━━ Source material
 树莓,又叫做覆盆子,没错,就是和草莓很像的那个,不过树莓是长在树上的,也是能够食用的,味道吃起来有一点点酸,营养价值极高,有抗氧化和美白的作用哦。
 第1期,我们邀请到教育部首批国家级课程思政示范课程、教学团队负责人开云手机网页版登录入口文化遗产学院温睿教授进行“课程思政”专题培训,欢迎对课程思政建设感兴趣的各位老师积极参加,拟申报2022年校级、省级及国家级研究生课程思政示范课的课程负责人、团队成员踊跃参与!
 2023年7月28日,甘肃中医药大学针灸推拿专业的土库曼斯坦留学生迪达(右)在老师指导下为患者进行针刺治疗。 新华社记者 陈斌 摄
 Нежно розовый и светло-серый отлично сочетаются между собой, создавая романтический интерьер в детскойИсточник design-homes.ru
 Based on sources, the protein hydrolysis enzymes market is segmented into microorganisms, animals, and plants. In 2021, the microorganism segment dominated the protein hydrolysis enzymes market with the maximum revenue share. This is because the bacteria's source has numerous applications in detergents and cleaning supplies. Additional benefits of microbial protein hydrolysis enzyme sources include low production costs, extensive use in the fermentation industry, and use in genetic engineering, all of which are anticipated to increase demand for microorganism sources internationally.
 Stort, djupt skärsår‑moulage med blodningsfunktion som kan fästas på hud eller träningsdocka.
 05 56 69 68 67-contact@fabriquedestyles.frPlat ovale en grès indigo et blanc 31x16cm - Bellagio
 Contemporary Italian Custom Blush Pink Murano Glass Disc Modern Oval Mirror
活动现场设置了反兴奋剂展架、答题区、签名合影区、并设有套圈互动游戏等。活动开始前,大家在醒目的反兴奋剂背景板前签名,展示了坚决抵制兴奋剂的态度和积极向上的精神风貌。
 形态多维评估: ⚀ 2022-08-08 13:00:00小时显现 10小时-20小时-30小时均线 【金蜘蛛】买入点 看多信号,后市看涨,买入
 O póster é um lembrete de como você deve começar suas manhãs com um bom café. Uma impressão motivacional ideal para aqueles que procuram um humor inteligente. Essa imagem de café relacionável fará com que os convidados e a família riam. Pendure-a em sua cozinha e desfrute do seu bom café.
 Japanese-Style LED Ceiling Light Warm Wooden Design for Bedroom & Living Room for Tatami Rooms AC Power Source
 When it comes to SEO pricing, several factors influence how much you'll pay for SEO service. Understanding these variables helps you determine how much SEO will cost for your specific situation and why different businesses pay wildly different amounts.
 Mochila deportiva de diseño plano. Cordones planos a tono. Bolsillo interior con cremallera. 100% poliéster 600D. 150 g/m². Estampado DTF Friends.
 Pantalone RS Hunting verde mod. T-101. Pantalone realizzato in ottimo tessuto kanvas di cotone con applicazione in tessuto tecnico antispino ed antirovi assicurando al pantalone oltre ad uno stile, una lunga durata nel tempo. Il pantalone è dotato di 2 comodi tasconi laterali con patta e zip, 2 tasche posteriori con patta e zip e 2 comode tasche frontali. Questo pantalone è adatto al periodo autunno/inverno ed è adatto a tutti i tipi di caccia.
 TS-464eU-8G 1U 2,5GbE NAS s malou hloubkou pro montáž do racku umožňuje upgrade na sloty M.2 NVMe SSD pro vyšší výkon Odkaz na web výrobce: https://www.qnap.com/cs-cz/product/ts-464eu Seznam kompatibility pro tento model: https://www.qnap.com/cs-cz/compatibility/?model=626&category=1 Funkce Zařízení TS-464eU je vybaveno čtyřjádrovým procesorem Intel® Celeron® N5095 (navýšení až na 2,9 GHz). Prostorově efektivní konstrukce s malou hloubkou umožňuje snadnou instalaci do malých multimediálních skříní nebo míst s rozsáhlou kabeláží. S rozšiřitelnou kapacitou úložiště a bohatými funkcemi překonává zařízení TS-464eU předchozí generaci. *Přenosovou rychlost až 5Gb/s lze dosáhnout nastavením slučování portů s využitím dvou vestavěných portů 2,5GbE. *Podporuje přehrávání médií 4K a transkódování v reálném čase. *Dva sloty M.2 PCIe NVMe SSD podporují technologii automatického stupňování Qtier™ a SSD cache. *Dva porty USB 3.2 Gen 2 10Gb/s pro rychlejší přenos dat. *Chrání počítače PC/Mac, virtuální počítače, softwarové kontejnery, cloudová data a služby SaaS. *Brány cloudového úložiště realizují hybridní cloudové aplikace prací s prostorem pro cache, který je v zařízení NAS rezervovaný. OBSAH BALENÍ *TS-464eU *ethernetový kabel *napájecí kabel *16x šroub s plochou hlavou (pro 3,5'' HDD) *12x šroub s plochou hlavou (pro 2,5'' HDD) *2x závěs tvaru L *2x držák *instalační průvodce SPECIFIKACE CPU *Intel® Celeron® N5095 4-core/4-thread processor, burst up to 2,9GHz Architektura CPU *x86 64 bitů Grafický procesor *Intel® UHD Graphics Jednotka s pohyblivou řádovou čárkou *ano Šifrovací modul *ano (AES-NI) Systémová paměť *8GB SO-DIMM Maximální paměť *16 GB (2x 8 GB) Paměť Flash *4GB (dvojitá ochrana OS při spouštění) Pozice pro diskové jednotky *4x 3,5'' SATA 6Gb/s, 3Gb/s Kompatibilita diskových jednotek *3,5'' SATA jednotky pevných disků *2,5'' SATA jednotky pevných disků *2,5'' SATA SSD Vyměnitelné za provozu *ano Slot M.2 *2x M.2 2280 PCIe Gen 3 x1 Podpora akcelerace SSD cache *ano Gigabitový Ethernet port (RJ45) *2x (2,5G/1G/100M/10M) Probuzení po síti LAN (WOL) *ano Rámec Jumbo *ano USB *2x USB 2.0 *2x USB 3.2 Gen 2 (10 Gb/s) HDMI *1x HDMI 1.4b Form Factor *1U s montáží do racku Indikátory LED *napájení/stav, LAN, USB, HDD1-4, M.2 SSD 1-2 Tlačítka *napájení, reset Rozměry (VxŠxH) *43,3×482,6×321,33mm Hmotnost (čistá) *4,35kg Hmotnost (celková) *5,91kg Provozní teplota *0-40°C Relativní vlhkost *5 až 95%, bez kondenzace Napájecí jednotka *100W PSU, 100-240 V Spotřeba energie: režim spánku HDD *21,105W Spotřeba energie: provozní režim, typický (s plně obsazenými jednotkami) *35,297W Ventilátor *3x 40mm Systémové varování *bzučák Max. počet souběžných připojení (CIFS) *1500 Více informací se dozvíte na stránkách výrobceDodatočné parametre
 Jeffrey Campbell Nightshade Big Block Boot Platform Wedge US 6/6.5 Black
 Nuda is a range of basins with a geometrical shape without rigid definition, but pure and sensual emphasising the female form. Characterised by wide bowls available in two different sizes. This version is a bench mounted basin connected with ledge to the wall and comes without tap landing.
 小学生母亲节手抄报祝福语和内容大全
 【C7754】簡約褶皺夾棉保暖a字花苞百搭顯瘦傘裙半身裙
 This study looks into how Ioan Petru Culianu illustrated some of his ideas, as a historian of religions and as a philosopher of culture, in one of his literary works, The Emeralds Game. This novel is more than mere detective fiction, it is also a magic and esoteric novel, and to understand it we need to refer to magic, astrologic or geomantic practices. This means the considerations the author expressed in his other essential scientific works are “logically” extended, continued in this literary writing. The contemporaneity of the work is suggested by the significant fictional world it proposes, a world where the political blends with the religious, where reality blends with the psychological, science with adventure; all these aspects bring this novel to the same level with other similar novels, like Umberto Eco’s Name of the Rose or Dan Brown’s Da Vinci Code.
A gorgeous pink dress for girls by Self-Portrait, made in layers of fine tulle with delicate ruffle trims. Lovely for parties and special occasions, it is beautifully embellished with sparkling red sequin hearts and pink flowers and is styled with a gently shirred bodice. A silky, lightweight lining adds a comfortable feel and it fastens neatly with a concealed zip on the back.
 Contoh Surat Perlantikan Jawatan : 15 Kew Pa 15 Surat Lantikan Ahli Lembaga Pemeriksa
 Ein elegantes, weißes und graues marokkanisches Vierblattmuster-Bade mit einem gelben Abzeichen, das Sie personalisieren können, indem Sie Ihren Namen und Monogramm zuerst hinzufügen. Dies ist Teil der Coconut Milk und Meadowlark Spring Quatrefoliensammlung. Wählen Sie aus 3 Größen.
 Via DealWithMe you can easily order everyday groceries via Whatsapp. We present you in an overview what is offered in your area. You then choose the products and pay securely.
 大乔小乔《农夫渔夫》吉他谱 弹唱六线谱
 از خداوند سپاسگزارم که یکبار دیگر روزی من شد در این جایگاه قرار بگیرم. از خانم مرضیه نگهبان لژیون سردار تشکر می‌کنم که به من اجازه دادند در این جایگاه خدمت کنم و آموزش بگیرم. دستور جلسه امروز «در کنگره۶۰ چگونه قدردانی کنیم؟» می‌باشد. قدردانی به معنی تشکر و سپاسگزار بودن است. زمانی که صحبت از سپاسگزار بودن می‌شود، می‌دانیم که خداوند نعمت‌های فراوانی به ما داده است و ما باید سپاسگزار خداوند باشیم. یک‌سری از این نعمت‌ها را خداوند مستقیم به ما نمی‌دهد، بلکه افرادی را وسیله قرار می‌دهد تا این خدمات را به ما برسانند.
━━━━
■ **Task to complete**
Each line from the top of the data, up to and including the line that contains "Japanese-Style LED Ceiling", should be set down exactly.

■ **Worked solution**
 树莓,又叫做覆盆子,没错,就是和草莓很像的那个,不过树莓是长在树上的,也是能够食用的,味道吃起来有一点点酸,营养价值极高,有抗氧化和美白的作用哦。
 第1期,我们邀请到教育部首批国家级课程思政示范课程、教学团队负责人开云手机网页版登录入口文化遗产学院温睿教授进行“课程思政”专题培训,欢迎对课程思政建设感兴趣的各位老师积极参加,拟申报2022年校级、省级及国家级研究生课程思政示范课的课程负责人、团队成员踊跃参与!
 2023年7月28日,甘肃中医药大学针灸推拿专业的土库曼斯坦留学生迪达(右)在老师指导下为患者进行针刺治疗。 新华社记者 陈斌 摄
 Нежно розовый и светло-серый отлично сочетаются между собой, создавая романтический интерьер в детскойИсточник design-homes.ru
 Based on sources, the protein hydrolysis enzymes market is segmented into microorganisms, animals, and plants. In 2021, the microorganism segment dominated the protein hydrolysis enzymes market with the maximum revenue share. This is because the bacteria's source has numerous applications in detergents and cleaning supplies. Additional benefits of microbial protein hydrolysis enzyme sources include low production costs, extensive use in the fermentation industry, and use in genetic engineering, all of which are anticipated to increase demand for microorganism sources internationally.
 Stort, djupt skärsår‑moulage med blodningsfunktion som kan fästas på hud eller träningsdocka.
 05 56 69 68 67-contact@fabriquedestyles.frPlat ovale en grès indigo et blanc 31x16cm - Bellagio
 Contemporary Italian Custom Blush Pink Murano Glass Disc Modern Oval Mirror
活动现场设置了反兴奋剂展架、答题区、签名合影区、并设有套圈互动游戏等。活动开始前,大家在醒目的反兴奋剂背景板前签名,展示了坚决抵制兴奋剂的态度和积极向上的精神风貌。
 形态多维评估: ⚀ 2022-08-08 13:00:00小时显现 10小时-20小时-30小时均线 【金蜘蛛】买入点 看多信号,后市看涨,买入
 O póster é um lembrete de como você deve começar suas manhãs com um bom café. Uma impressão motivacional ideal para aqueles que procuram um humor inteligente. Essa imagem de café relacionável fará com que os convidados e a família riam. Pendure-a em sua cozinha e desfrute do seu bom café.
 Japanese-Style LED Ceiling Light Warm Wooden Design for Bedroom & Living Room for Tatami Rooms AC Power Source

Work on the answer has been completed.